# Is this a weed, grassy weed or a type of fescue?



## Larry74 (Mar 13, 2020)

Hello all, 
I am new to the forum. I have TTTF and reseeded last fall of 2019. One of my lawn friends said this was a form of hybrid crabgrass but I do not see it. I am new to lawn care. Done a lot of research and took over my lawn this past fall of 2019. I just do not know what this is. Thank you for all your help and guidance.

Larry74


----------



## Spammage (Apr 30, 2017)

@Larry74 I don't think it's crabgrass, but you will probably need to let one go to seed to identify it. If you have tenacity handy, you may just want to spray it.
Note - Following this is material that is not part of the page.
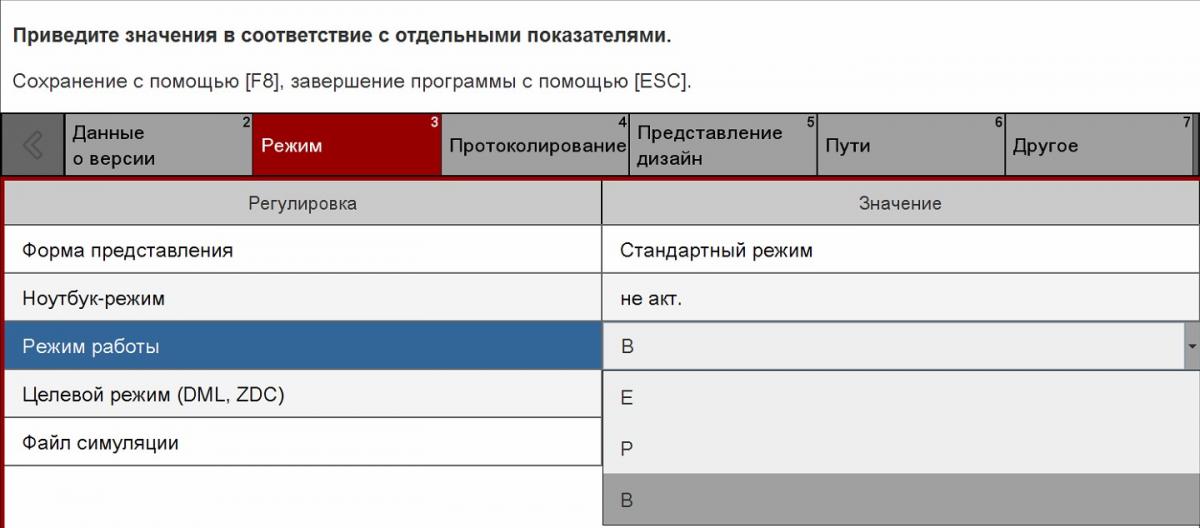 По умолчанию установлен режим "B", нужно поставить режим "E"

ps - the second picture looks like you might have some dallisgrass. The larger leaves shooting out horizontally from the center are the ones I'm looking at. The first and third pics are something different.


----------



## Larry74 (Mar 13, 2020)

@Spammage 
Thank you for your guidance and help! I do appreciate it. I will let a certain part grow to see if the grass produces a seed head (1st/3rd pic). On the 2nd pic I will treat appropriately (more than likely by digging the dallisgrass out). Thank you again.

Respectfully, 
Larry


----------



## g-man (Jun 15, 2017)

You will need to pull some of those out of the lawn and take closer images. It could be too many things.


----------